An alternative view of the history of the past 12 months' debate is that the Government's main objective has been to confuse and to defuse the anger that arose among British Rail pensioners as a result of this move, while at the same time achieving their fundamental objective--a devalued pension scheme which will pay less than would have been the case under the existing scheme, and which brings financial benefits to the Treasury. I believe that time will show that that is the correct view of the past 12 months.

By the time that the Bill reached Committee, I had received, either directly or through my hon. Friend the Member for Kingston upon Hull, East (Mr.
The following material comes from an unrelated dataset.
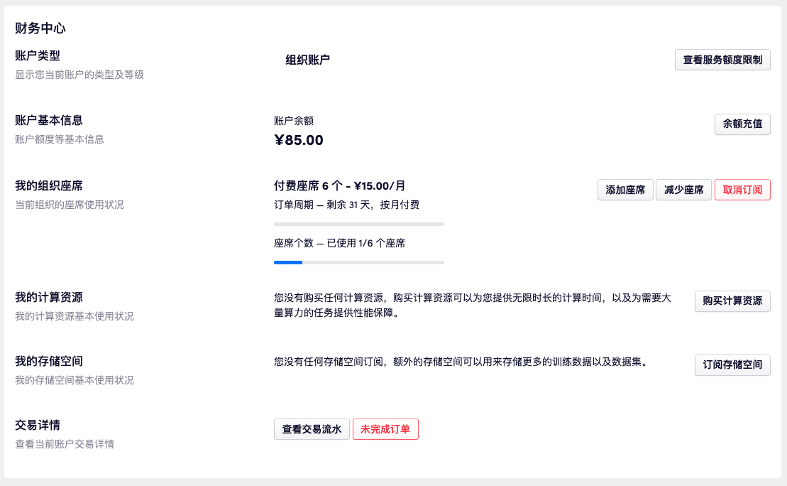 每个组织是独立的命名空间,这意味着「数据仓库」「算力容器」在组织下有独立的访问权限。同时,组织下的「存储」「计算资源」也是独立的。也就是说在组织下构建的任何资源都会使用组织的资源(存储、算力)而不是个人的资源。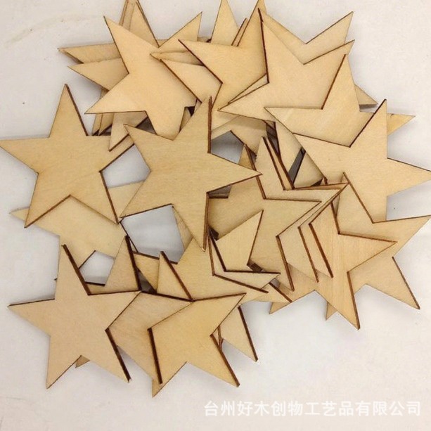 跨境原木片木制品五角星挂件木片DIY空白圣诞节日装饰星星木片

Prescott), more than 800 letters from railway pensioners in the Southampton area expressing concern about the Government's proposal and supporting the continuation of the existing scheme. That concern continued to mount during the summer months, until the memorandum of understanding was agreed between the Government and the British Rail trustees.

The memorandum of understanding was given wide publicity. I seem to recall that a letter was sent to every individual member of the fund from the trustees outlining its main terms. When that letter was received, the anger collapsed and the momentum of the campaign against the scheme was diffused.

Although those who looked at the scheme closely knew that the scheme on offer was less good than the maintenance of an industry-wide scheme which new entrants to the railway industry would continue to join, they did have a letter from the chairman of the trustees of the British Rail pension fund saying that a satisfactory deal had been reached.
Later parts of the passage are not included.